We continue to expect our free cash flow to grow at a double-digit rate for several more years with additional growth in the second half of the decade. This expansion will be driven by sustained growth in our business, generating strong operating margin volume and converting those profits into cash.
Meanwhile, lower cash taxes, higher CAS recoveries and lower levels of capital spending in the coming years provide additional structural levers to expand our cash flows at a rapid rate. Importantly, these ranges also include the latest estimated cash impacts associated with the B-21 charge.
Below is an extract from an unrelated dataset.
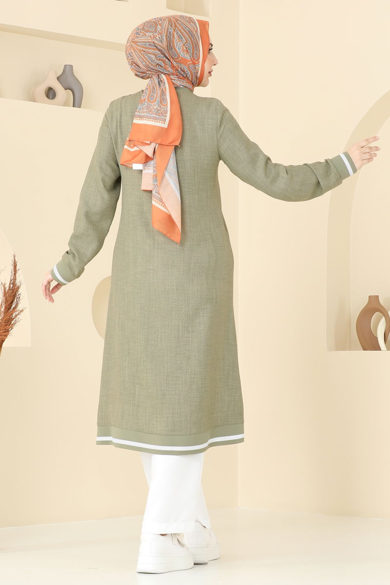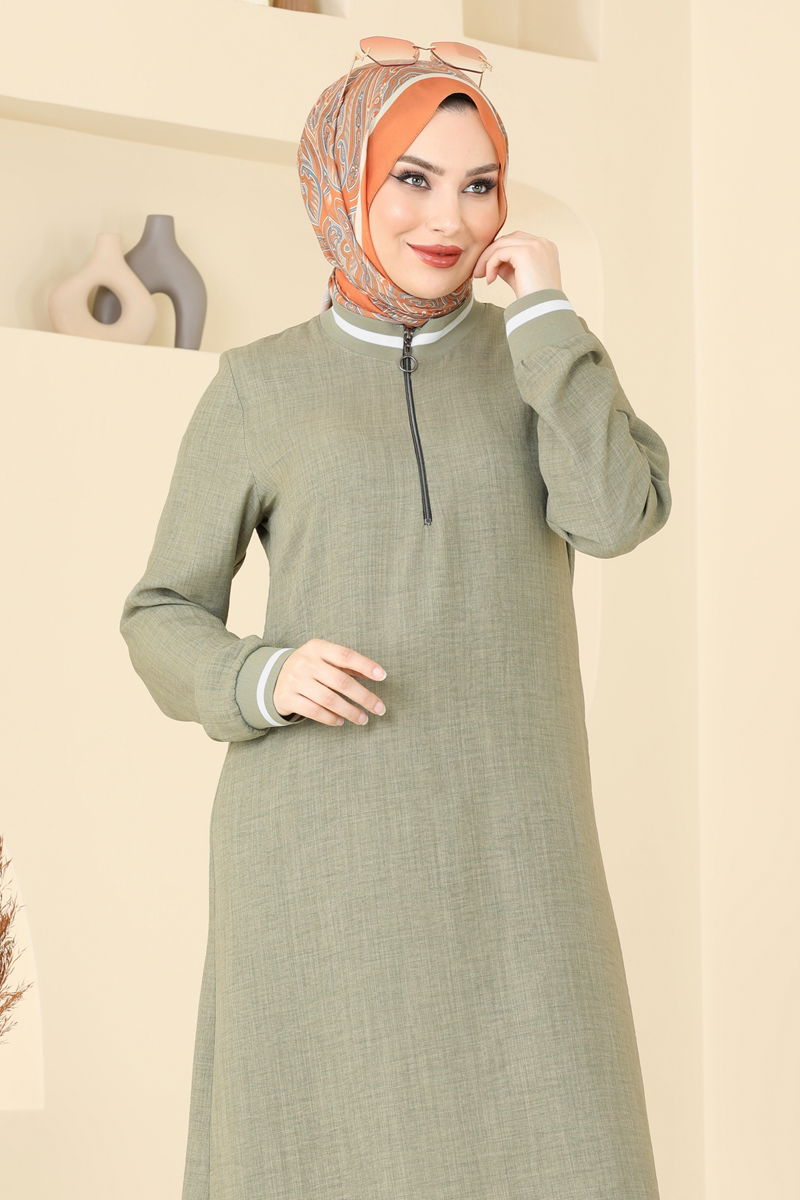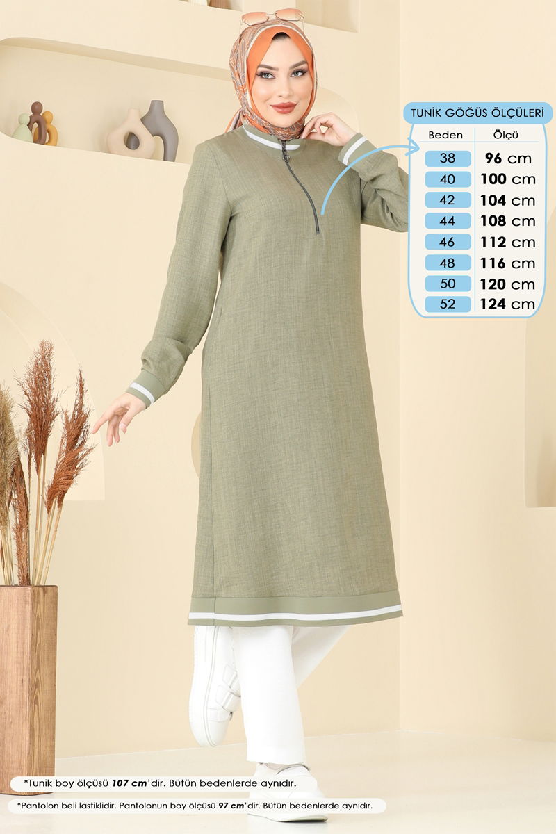 Ürün Nitelikleri :Moda öncüsü tesettür giyim modelidir. Pratik kullanım için fermuar detayı mevcuttur. Üründeki yaka tipi Bisiklet yakadır ve astarsızdır. Pantolonun bel kısmında esneklik sağlayan lastik kullanılmıştır. Çekim tekniklerinden dolayı renkte değişiklikler olabilir.

We expect roughly 60% of the charge to affect cash flows through 2026 with the remainder in the following years. Longer-term, we are confident we'll be able to continue to absorb the cash headwinds from B-21 while delivering excellent free cash flows in 2027 and beyond.
In closing, I want to thank the entire Northrop Grumman team for their contributions to another great year. The strength of our portfolio and visibility of franchise programs provides us the opportunity to deliver and deploy robust cash flows as we execute on our strategy. And with that, let's open up the call to Q&A..
Thank you.[Operator Instructions] Our first question comes from Kristine Liwag with Morgan Stanley. You may proceed..
Hey good morning, Kathy and Dave..
Good morning..
Kathy, on the B-21, you've been very clear about the pressures on this program. Ultimately, how much relief did the customer extend to you to offset macro pressures and elevate [ph] portion.
And is there still a possibility of future relief?.
So Kristine, we've been working with the customer. And as we noted, the conversations continue. And last year, in 2023, we and Air Force disclosed that about $60 million of $1.5 billion that Congress appropriated for inflation was allocated to the advanced procurement for Lot 1 on this program.
But we have yet to work through what that relief may be in future lots. We have, of course, as we said, updated our assumptions -- and through conversation and the tight budget environment, we've actually lowered the expectations for inflation relief.
And so at this point, our focus is on executing this program and finding opportunities in the performance on the program while we continue to work with the government to see if there is any inflation relief opportunity..
Great, thank you. And I’ll keep it to one today. Thank you..
Thank you..
Thank you. One moment for questions. Our next question comes from Richard Safran with Seaport Global. You may proceed..
Kathy, Dave good morning. So I know you're going to get a lot of questions on the B-21, but I thought I'd ask you about to expand on your opening remarks about Sentinel. I thought you might talk a bit more about the actions you're taking at the program back on track.
How are you seeing risk on the program right now? And I guess, importantly, what you think the government's level support for the program is given all the headlines and what we've been seeing?.
Yes. Thanks, Rich. So as the land-based leg of the nuclear triad, Sentinel is a top priority for the Department of Defense. The requirement for the program has been validated numerous times by multiple administrations, and we expect that to be the outcome of this latest review.
As the Air Force is reported, the non-operating cost reach on the program is largely due to cost growth in the military construction and procurement segments of the program, and we and the industry team are currently executing on the cost plus EMD phase of the program.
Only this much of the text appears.